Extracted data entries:
_ _ _ _ _ _ _

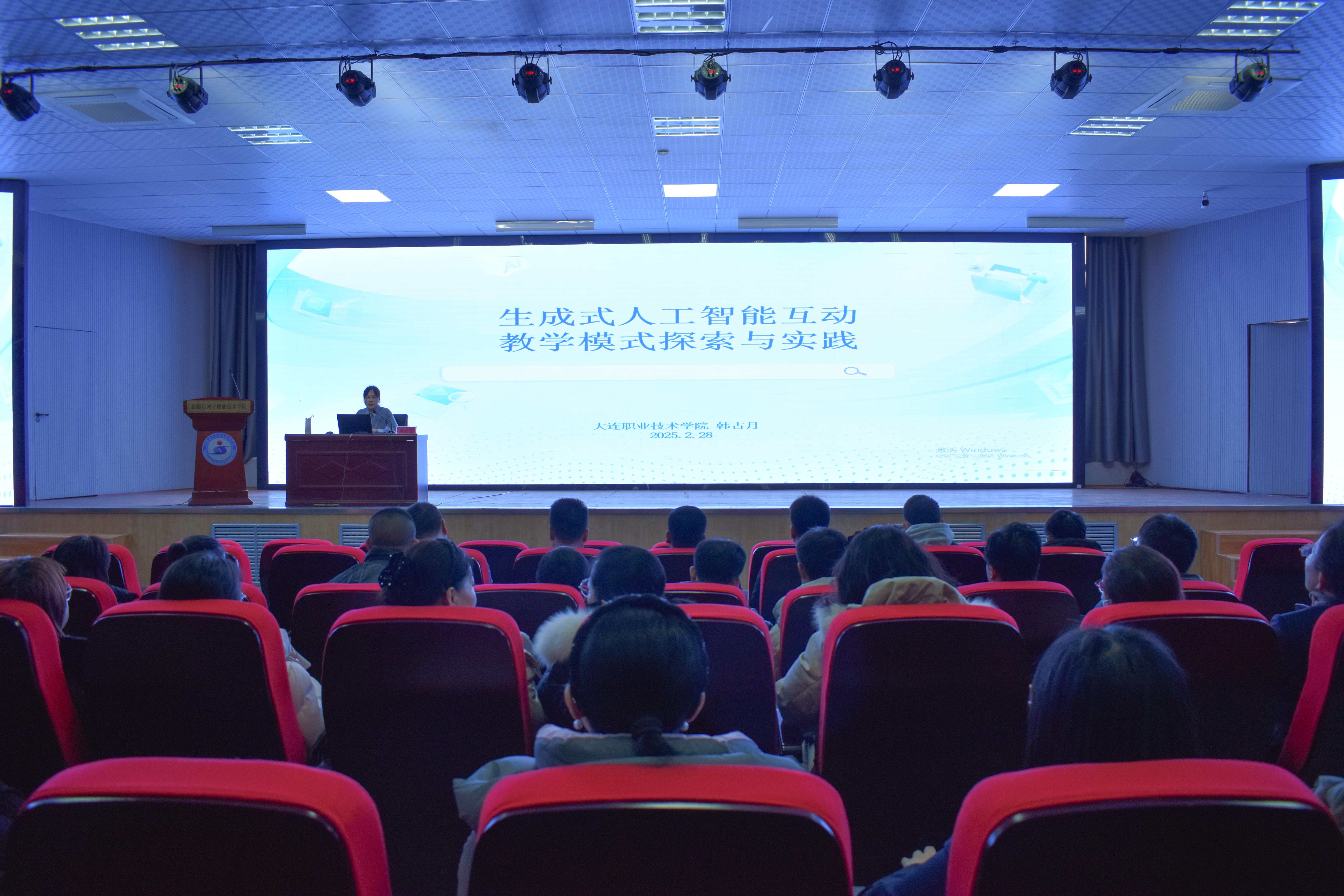 当天上午,在“AI赋能教育教学改革”专题教师培训暨2024-2025学年第二学期开学培训开班仪式上,副院长张金果指出,作为教育工作者,必须紧跟时代步伐,持续提升自身数字化素养,主动接纳新技术,革新传统教育教学方法。韩古月教授分享了“生成式”人工智能互动教学模式探索与实践,她详细剖析了生成式人工智能在教学场景中的多元应用。此外,还分享了大连职业技术学院在相关实践中的成功案例。
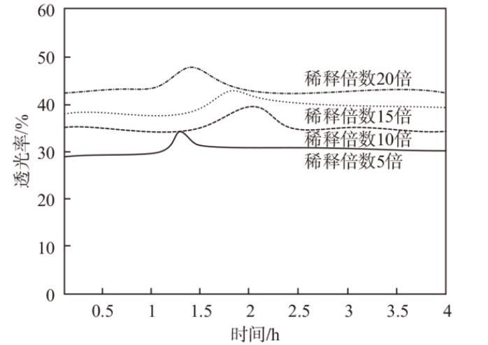 透光率测试结果如图5所示。由图5可知,氨基改性硅油柔软剂稀释倍数与透光率之间呈正比,这是因为水分子的增加使得柔软剂中氨基硅油分子之间的缝隙越大,增加透光率;随着时间的延长,透光率前期存在小幅度的提高和下降过程,但最终也基本维持在一定水平上,证明透光率的稳定性。
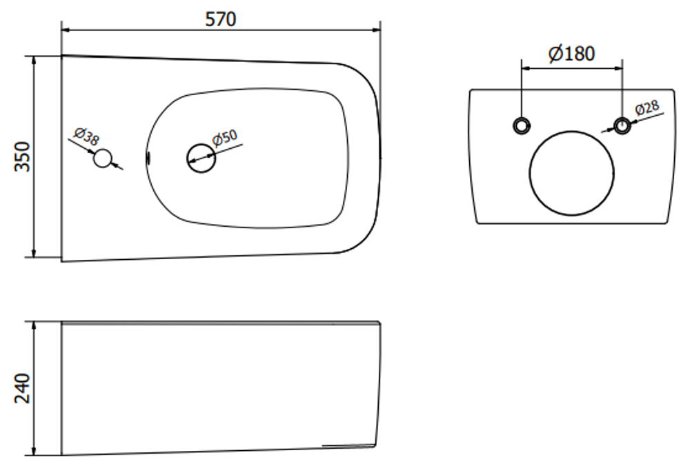 Specyfikacja produktu: Rozmiar: 55,5x35x24 cm Montaż: Wiszący Rozstaw mocowania: 18 cm Kolor: Biały Materiał: Ceramika sanitarna
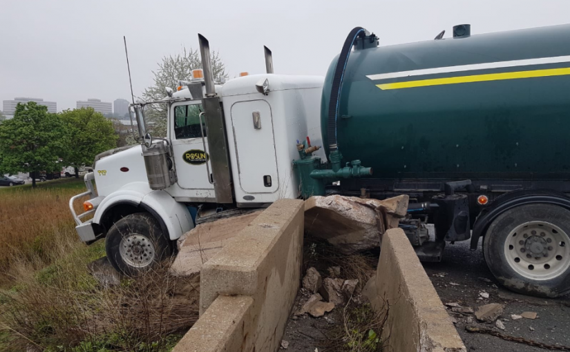 車禍發生在401高速東行方向靠近Mavis Rd.的區域,目前工作人員正在清理現場,右側兩車道預計將會關閉到下午5點左右。
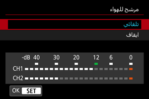 اضبط على [تلقائي] (أو [تشغيل]) لتقليل تشويش الصوت في المشاهد الخارجية العاصفة. عندما تفعيل وظيفة مرشح الهواء، سيتم أيضًا تقليل جزء من أصوات الجهير المنخفض.
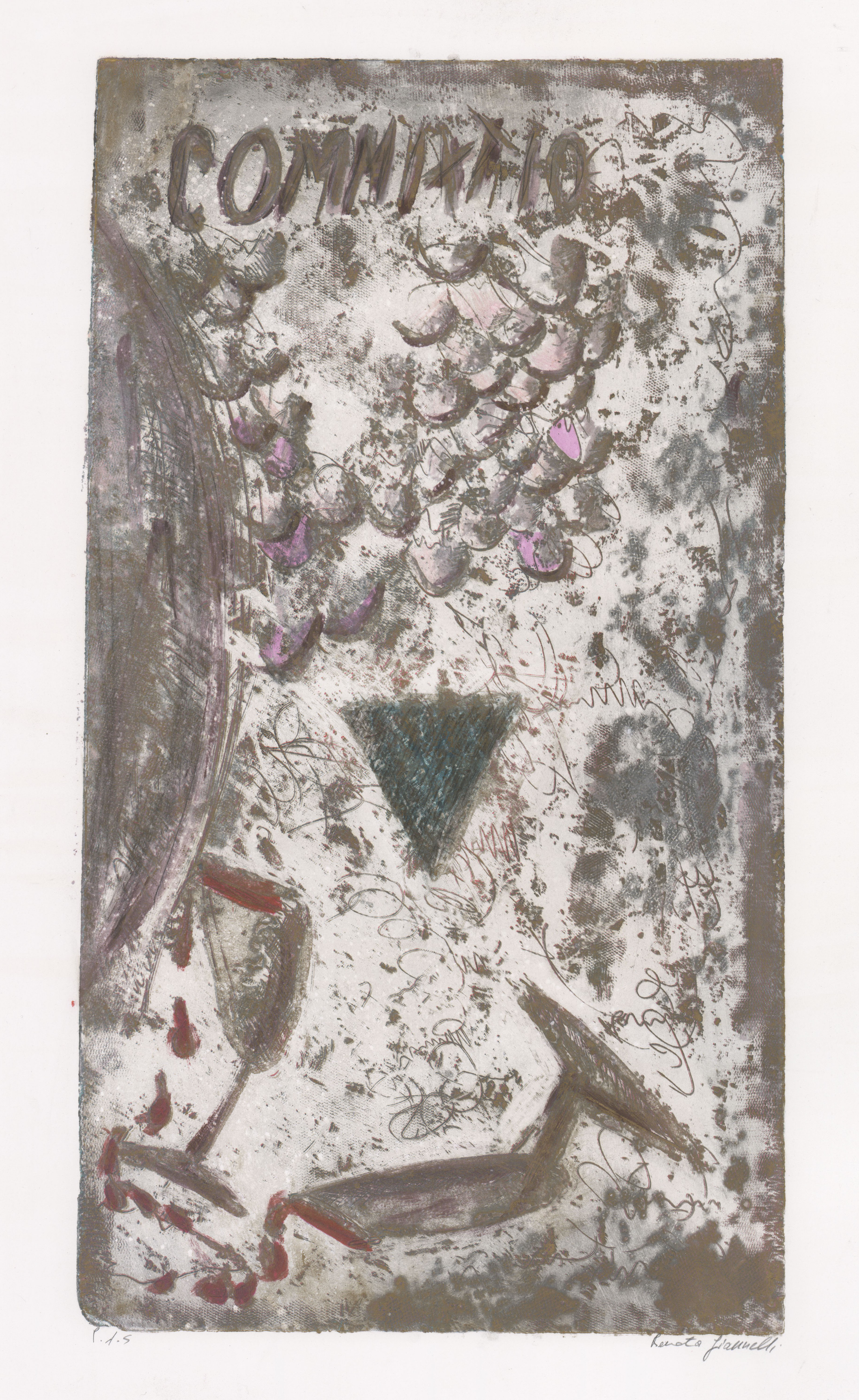Vertical; "Commixtio" -top corner; brown, white, and pink abstract
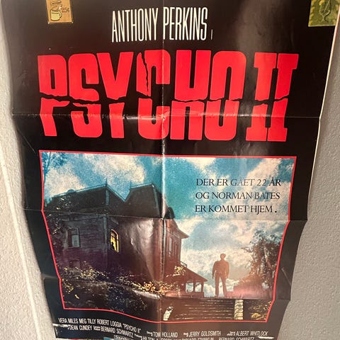 På plakat ser man: Anthony Perkins, Janet Leigh.
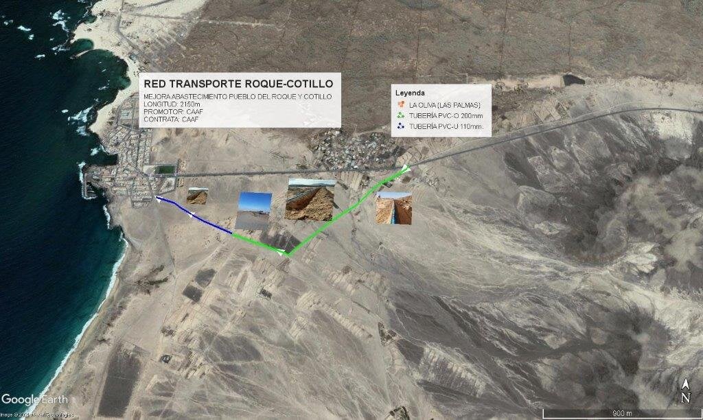 El Consorcio de Abastecimiento de Aguas a Fuerteventura (CAAF) instala una nueva red de transporte de agua para mejorar el suministro en las zonas de El Cotillo y El Roque. Se trata de una red completamente nueva, de 2.150 metros de longitud, que parte desde El Roque y discurre por caminos municipales hasta llegar a El Cotillo.
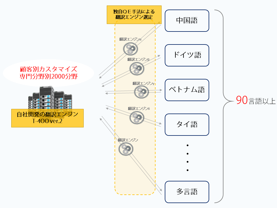 T-4OO(ティー・フォー・オー・オー)は2,000の分野からなる専門分野データベースと、ユーザーごとの御社専用データベースを兼ね備えた、最新のAI自動翻訳です。
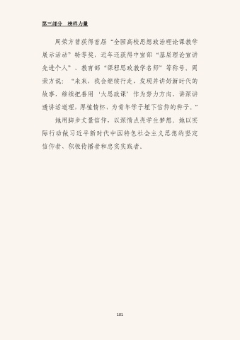 第三部分 榜样力量 周荣方曾获得首届“全国高校思想政治理论课教学 展示活动”特等奖,近年还获得中宣部“基层理论宣讲 先进个人”、教育部“课程思政教学名师”等称号。周 荣方说:“未来,我会继续行走,发现并讲好新时代的 故事,继续把善用‘大思政课’作为努力方向,讲深讲 透讲活道理,厚植情怀,为青年学子埋下信仰的种子。” 她用脚步丈量信仰,以深情点亮福利姬梦想。她以实 际行动做习近平新时代中国特色社会主义思想的坚定 信仰者、积极传播者和忠实实践者。 101

_ _ _ _ _ _ _

**EXERCISE OBJECTIVE**
The reply should hold only the lines running from the top of the records to the line containing "T-4OO(ティー・フォー・", both included, copied exactly with no pictures.

**SOLVED PROBLEM**
 当天上午,在“AI赋能教育教学改革”专题教师培训暨2024-2025学年第二学期开学培训开班仪式上,副院长张金果指出,作为教育工作者,必须紧跟时代步伐,持续提升自身数字化素养,主动接纳新技术,革新传统教育教学方法。韩古月教授分享了“生成式”人工智能互动教学模式探索与实践,她详细剖析了生成式人工智能在教学场景中的多元应用。此外,还分享了大连职业技术学院在相关实践中的成功案例。
 透光率测试结果如图5所示。由图5可知,氨基改性硅油柔软剂稀释倍数与透光率之间呈正比,这是因为水分子的增加使得柔软剂中氨基硅油分子之间的缝隙越大,增加透光率;随着时间的延长,透光率前期存在小幅度的提高和下降过程,但最终也基本维持在一定水平上,证明透光率的稳定性。
 Specyfikacja produktu: Rozmiar: 55,5x35x24 cm Montaż: Wiszący Rozstaw mocowania: 18 cm Kolor: Biały Materiał: Ceramika sanitarna
 車禍發生在401高速東行方向靠近Mavis Rd.的區域,目前工作人員正在清理現場,右側兩車道預計將會關閉到下午5點左右。
 اضبط على [تلقائي] (أو [تشغيل]) لتقليل تشويش الصوت في المشاهد الخارجية العاصفة. عندما تفعيل وظيفة مرشح الهواء، سيتم أيضًا تقليل جزء من أصوات الجهير المنخفض.
Vertical; "Commixtio" -top corner; brown, white, and pink abstract
 På plakat ser man: Anthony Perkins, Janet Leigh.
 El Consorcio de Abastecimiento de Aguas a Fuerteventura (CAAF) instala una nueva red de transporte de agua para mejorar el suministro en las zonas de El Cotillo y El Roque. Se trata de una red completamente nueva, de 2.150 metros de longitud, que parte desde El Roque y discurre por caminos municipales hasta llegar a El Cotillo.
 T-4OO(ティー・フォー・オー・オー)は2,000の分野からなる専門分野データベースと、ユーザーごとの御社専用データベースを兼ね備えた、最新のAI自動翻訳です。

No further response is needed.